Professeur, Docteur vétérinaire, ex-directeur de l’Ecole nationale vétérinaire de Nantes (Oniris) et président de la commission formation recherche de l’Académie Vétérinaire de France, Pierre Saï a cosigné en 2021 un rapport au Ministre de l’Agriculture et de l’Alimentation sur la place de la vaccination dans la lutte contre l’influenza aviaire hautement pathogène.
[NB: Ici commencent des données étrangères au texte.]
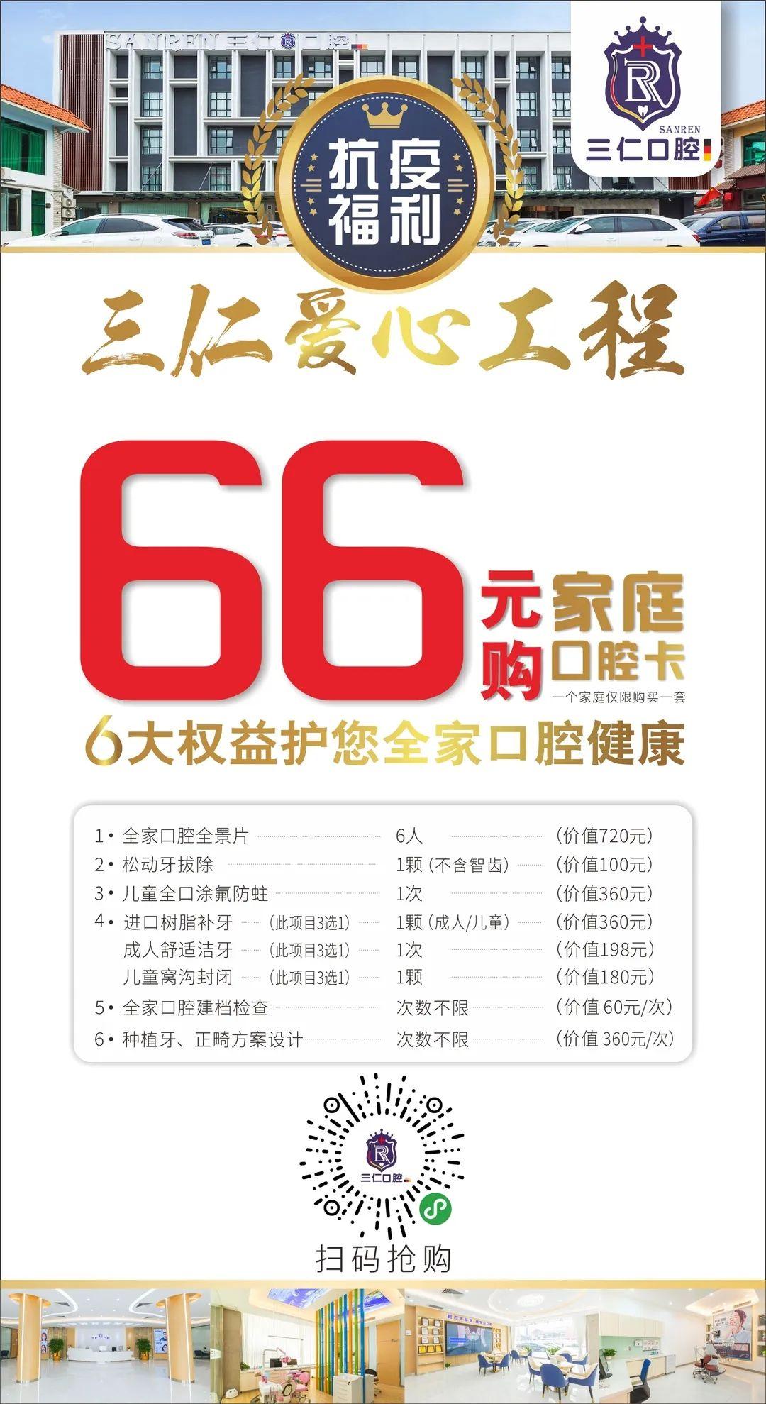 除了種植牙,許多市民需要補(bǔ)牙、洗牙、拔牙,以及牙齒矯正。三仁口腔限時(shí)推出66元的看牙福利,絕無套路,看牙只需要66元。
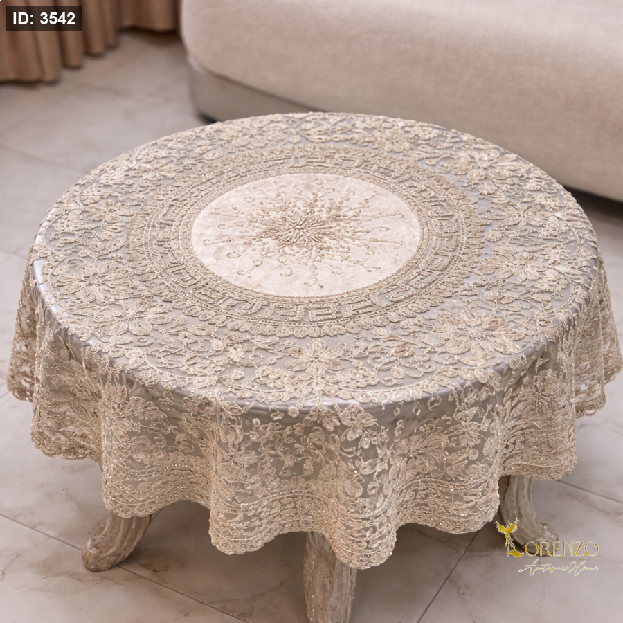 حوّل طاولتك إلى قطعة فنية راقية مع هذا المفرش الدائري الفاخر، المصمم بعناية فائقة ليجمع بين الفخامة الكلاسيكية والتفاصيل العصرية. يتميز بتطريز دقيق بخيوط ذهبية/فضية على قماش شفاف فاخر، مع تصميم دائري مركزي أنيق يلفت الأنظار ويمنح طاولتك حضورًا مميزًا.
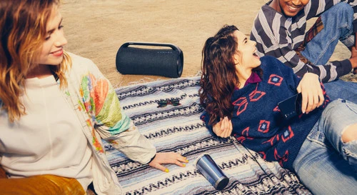 Het stof- en waterbestendige ontwerp maakt de speaker geschikt voor buitenshuis gebruik.
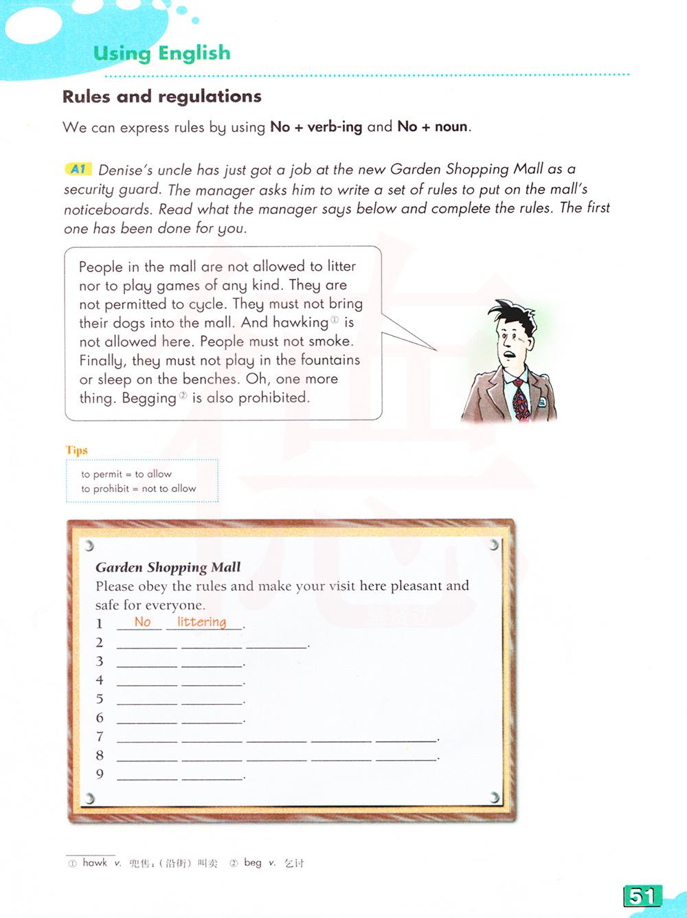 A1丹尼斯的叔叔刚刚在花园购物中心找到一份作为保安的工作。经理请他写一套规则在商场的公告牌上。阅读经理在下面所说的内容,并完成规则。第一个已经为你做了。
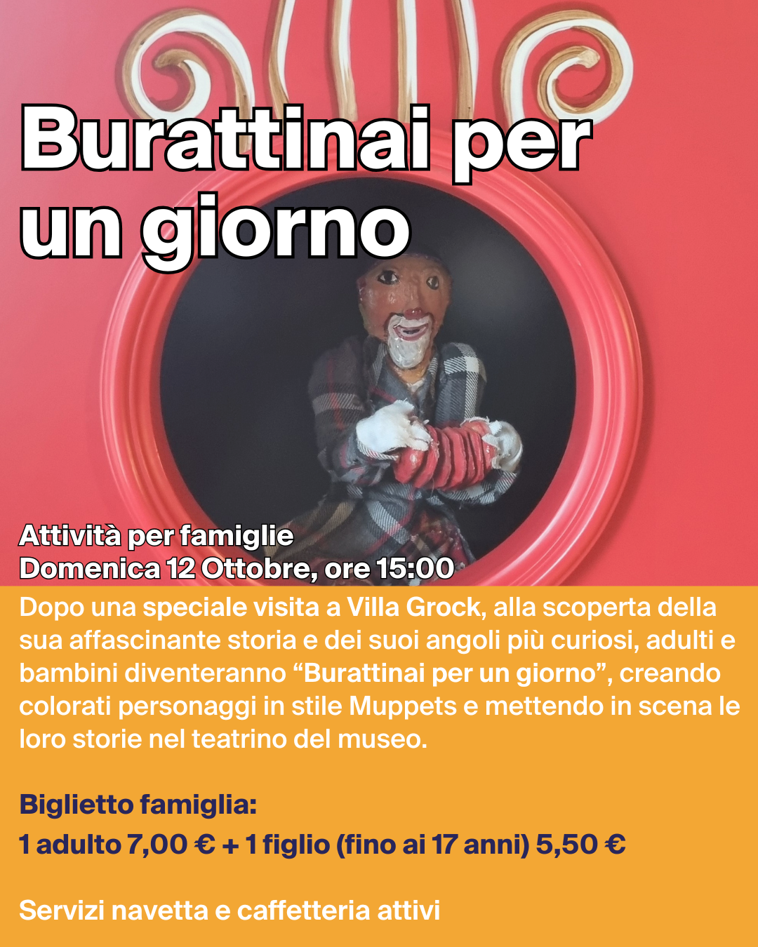 In occasione della Giornata Nazionale delle Famiglie al Museo, Domenica 12 Ottobre alle ore 15:00, Villa Grock ospiterà “Burattinai per un giorno”, un’attività pensata per tutta la famiglia, in cui adulti e bambini potranno dare libero sfogo alla creatività.

Alors même que, suivant les recommandations de ce rapport, notre pays va expérimenter deux candidats vaccins pour les palmipèdes dans le Gers et les Landes, ce spécialiste nous explique les enjeux de ces tests. 

L’Express : L’épisode actuel de grippe aviaire s’avère particulièrement douloureux pour les éleveurs qui ont dû éliminer 12 millions de volailles. A l’instar de la France, plusieurs pays européens se lancent dans l’expérimentation de vaccins. Est-ce LA solution pour résoudre le problème ?  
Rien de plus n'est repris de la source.